The dark form ran toward him with incredible swiftness. When it came near he saw that there was a kind of face on the squat ebon body, low down amid the several-jointed legs.

4 Geas of Haon-Dor

Thus, in fulfilment of the third geas, the hunter entered the thousand-columned palace of Haon-Dor. Strange and silent were those halls hewn from the gray, fundamental rock of Earth. In them were faceless forms of smoke and mist that went uneasily to and fro, and statues representing monsters with myriad heads. In the vaults above, as if hung aloof in night, lamps burned with inverse flames that were like the combustion of ice and stone. A chill spirit of evil, ancient beyond all conception of man, was abroad in those halls; and horror and fear crept throughout them like invisible serpents, unknotted from sleep.

5 Geas of the Serpent People

[...]and he came anon to the spacious caverns in which the serpent-men were busying themselves with a multitude of tasks. They walked lithely and sinuously erect on pre-mammalian members, their pied and hairless bodies bending with great suppleness. There was a loud and constant hissing of formulae as they went to and fro.
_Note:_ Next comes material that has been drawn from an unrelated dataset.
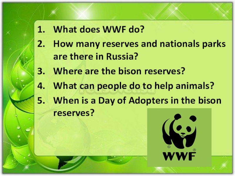 What does WWF do?How many reserves and nationals parks are there in Russia?Where are the bison reserves?What

Some were smelting the black nether ores; some were blowing molten obsidian into forms of flask and urn; some were measuring chemicals; others were decanting strange liquids and curious colloids.

6 Geas of the Archetypes

The air of the gulfs and grottoes along his way began to increase markedly in warmth, and was moist and steamy as that of some equatorial fen. A primordial luminosity, such as might have dawned befare the creation of any sun, seemed to surround and pervade everything.

All about him, in this thick and semi-aqueous light, the hunter discerned the rocks and fauna and vegetable forms of a crassly primitive world. These shapes were dim, uncertain, wavering, and were all composed of loosely organized elements.

7 Geas of Abhoth and the Outer World

Here, it seemed, was the ultimate source of all miscreation and abomination. For the gray mass quobbed and quivered, and swelled perpetually; and from it, in manifold fission, were spawned the anatomies that crept away on every side through the grotto. There were things like bodiless legs or arms that flailed in the slime, or heads that rolled, or floundering bellies with fishes' fins; and all manner of things malformed and monstrous, that grew in size as they departed from the neigbborhood of Abhoth. And those that swam not swiftly ashore when they fell into the pool from Abhoth, were devoured by mouths that gaped in the parent bulk.